They may be teenagers, but 17-year-old Brittany Bull and 16-year-old Sesam Mngqengqiswa have grand ambitions — to launch Africa’s first private satellite into space.
They are part of a team of high school girls from Cape Town, South Africa, who have designed and built payloads for a satellite that will orbit over the Earth’s poles scanning Africa’s surface. Once in space, the satellite will collect information on agriculture and food security within the continent.
Using the data transmitted, “We can try to determine and predict the problems Africa will be facing in the future,” explained Bull, a student at Pelican Park High School.
“Where our food is growing, where we can plant more trees and vegetation and also how we can monitor remote areas,” she said. “We have a lot of forest fires and floods, but we don’t always get out there in time. “Information received twice a day will go towards disaster prevention.”

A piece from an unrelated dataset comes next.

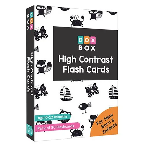 Boost your babys visual development with our Doxbox High-Contrast Flashcards. Research indicates that newborns can see only black, white, and gray during the early months. These high-contrast cards are perfect for this stage, stimulating your infant’s visual sense and helping to develop their vision. The pack includes 30 beautifully designed cards that can be placed around the nursery, hung on the crib, or used during tummy time. Each card features bold, high-contrast images that captivate and engage your baby, fostering cognitive development from the very start. Ideal for newborns and young infants, these cards make a thoughtful and practical gift for new parents, ensuring that your little one gets the visual stimulation they need to thrive.

The girls’ work is part of a project by South Africa’s Meta Economic Development Organization (MEDO) working with Morehead State University in the U.S.
Ambitious First
The girls (14 in total) are being trained by satellite engineers from Cape Peninsula University of Technology in a bid to encourage more African women into STEM (science, technology, engineering, mathematics) programs.

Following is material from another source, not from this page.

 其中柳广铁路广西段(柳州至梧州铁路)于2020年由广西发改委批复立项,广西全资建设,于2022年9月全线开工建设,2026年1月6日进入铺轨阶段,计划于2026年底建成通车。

The satellite is scheduled to launch in May 2017, and if successful, it will make MEDO the first private company in Africa to build a satellite and send it into orbit.

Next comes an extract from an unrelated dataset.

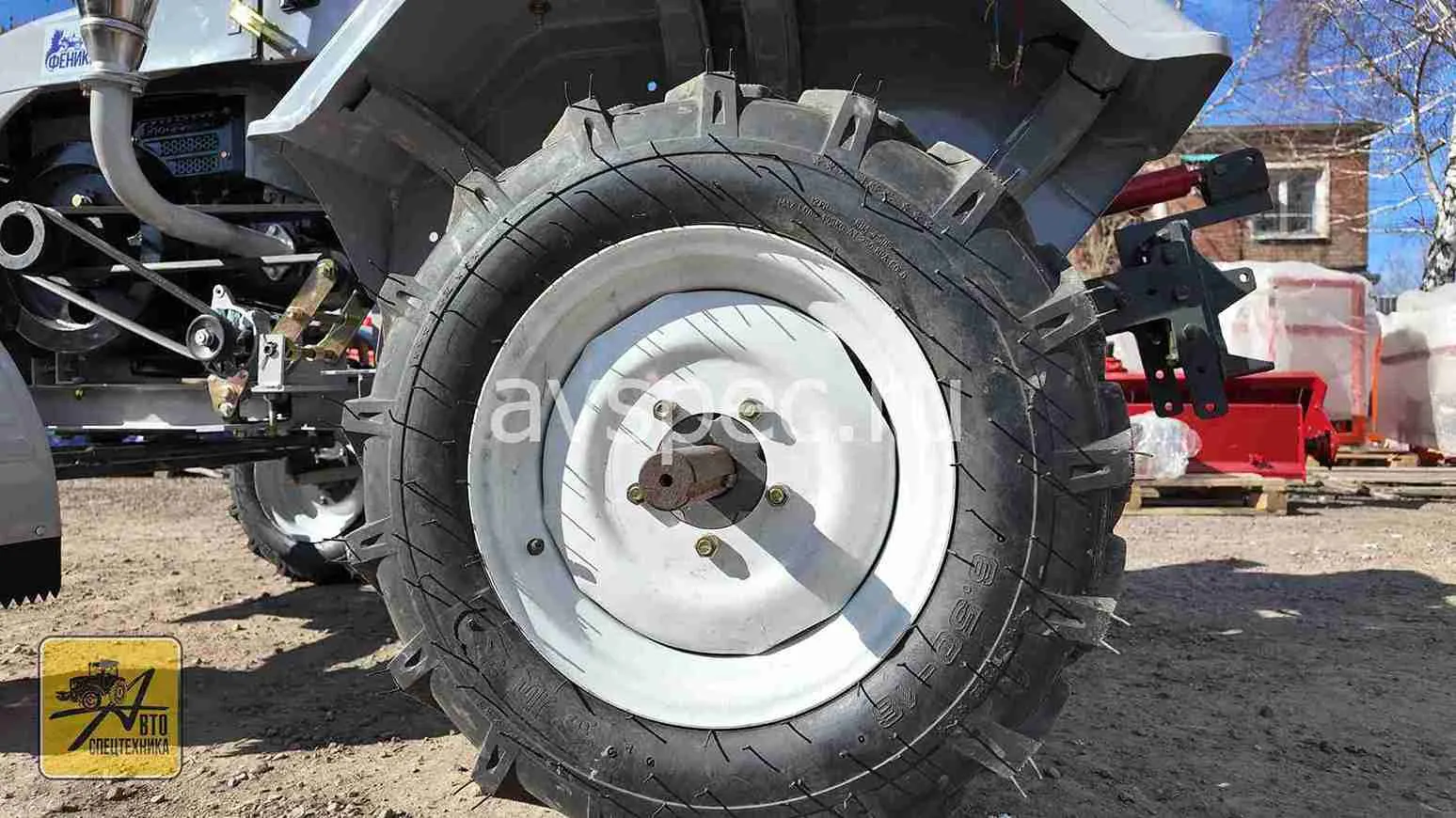 Колесная формула 2х4 обеспечивает отличную проходимость. Регулируемая колея (1300-1500 мм) — маневренность даже на тесных участках. Передние колеса 5.00-12, задние 6.50-16. Сцепление с грунтом превосходное.

“We expect to receive a good signal, which will allow us to receive reliable data,” declared an enthusiastic Mngqengqiswa, of Philippi High School. “In South Africa, we have experienced some of the worst floods and droughts and it has really affected the farmers very badly.”
By 2020 80 percent of jobs will be related to STEM, MEDO predicts, but currently only 14 percent of the STEM workforce globally are women. An El Niño-induced drought led to a shortfall of 9.3 million tons in southern Africa’s April 2016 maize production, according to a UN report.
South Africa is expected to import between 3 million and 4 million tons of maize to meet its shortfall this year.
“It has caused our economy to drop. … This is a way of looking at how we can boost our economy,” Mngqengqiswa said.